2. The parties' assertion and judgment
A. (1) The gist of the Plaintiff’s assertion is that the instant loan contract was concluded at will without authority by C, who is not authorized to represent the Plaintiff, through a tort that forges a seal imprint, etc., and the Plaintiff is not liable for the instant loan, and therefore, there is no obligation of the Plaintiff’s loan to the Defendant.
(2) The summary of the Defendant’s assertion (A) confirmed whether the Plaintiff actually intended to enter into the instant loan contract after receiving the instant loan application and prior to the confirmation of the loan, and whether the Plaintiff was aware of the agreement, as well as making a loan to the Plaintiff after going through the procedure of confirmation on the wired ship seeking the Plaintiff’s consent on the instant loan.
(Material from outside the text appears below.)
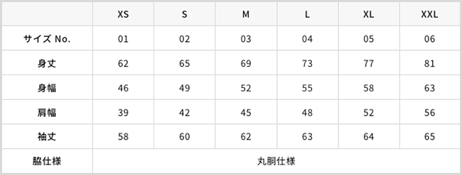 | 素材 | 基本:綿 100% アッシュ:綿 98%、ポリエステル 2% ミックスグレー:綿 90%、ポリエステル 10% |

Therefore, the instant loan contract is valid as it is concluded according to the Plaintiff’s intention, and therefore, the Plaintiff bears the Defendant’s obligation to pay the loan to the Defendant.
(B) Even if the Plaintiff did not have the intent to conclude the instant loan contract, there are reasonable grounds to believe that C has the right of representation, because the Defendant received the Plaintiff’s driver’s license, the Plaintiff’s certificate of personal seal impression, and the resident registration certificate, and verified the authenticity thereof.
As such, the plaintiff is liable for loans to the defendant in accordance with the legal principles of expression agency.
(C) On October 2013, the Plaintiff became aware of the occurrence of the instant loan.